# Ausländische Ip`s sperren



## webguru2009 (21. September 2009)

Hi,

ich weiß es klingt vielleicht blöd aber ich möchte auf meinem Suse 10.3 Root, es so einstellen, das er nur Ip`s aus Deutschland erlauben soll.
Nutzer aus anderen Ländern soll er sperren.

Ich kenne die Variante über IpTables aber das wäre eine Rießen Liste und da wüsste ich nicht ob ich alle hätte, deshalb frage ich lieber ob es eine andere Variante gibt.


----------



## Enumerator (21. September 2009)

Moin!

So blöd klingt das gar nicht, mir gehen die ewigen _authentication failure_s auch auf die nerven. Ich persönlich bin mit fail2ban recht zufrieden - damit kann man zwar nicht diverse asiatische Staaten komplett aussperren, aber immerhin minimiert es die Chancen extrem.

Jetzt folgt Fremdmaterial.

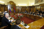 Prime Minister Hovik Abrahamyan received the delegation led by visiting RF Premier Dmitry Medvedev. After the private talks of the Prime Ministers, the two delegations met in an enlarged sitting.

Ansonsten kannst Du noch mit iptables ganze IP-Bereiche sperren. Die für Dich interesanten sind nicht allzu viele.

Gruß
Enum


----------



## webguru2009 (21. September 2009)

fail2ban sieht recht Interesannt aus.

Gibt es nicht eine Variante wo man sagt: Nur Deutschland darf zugreifen?


----------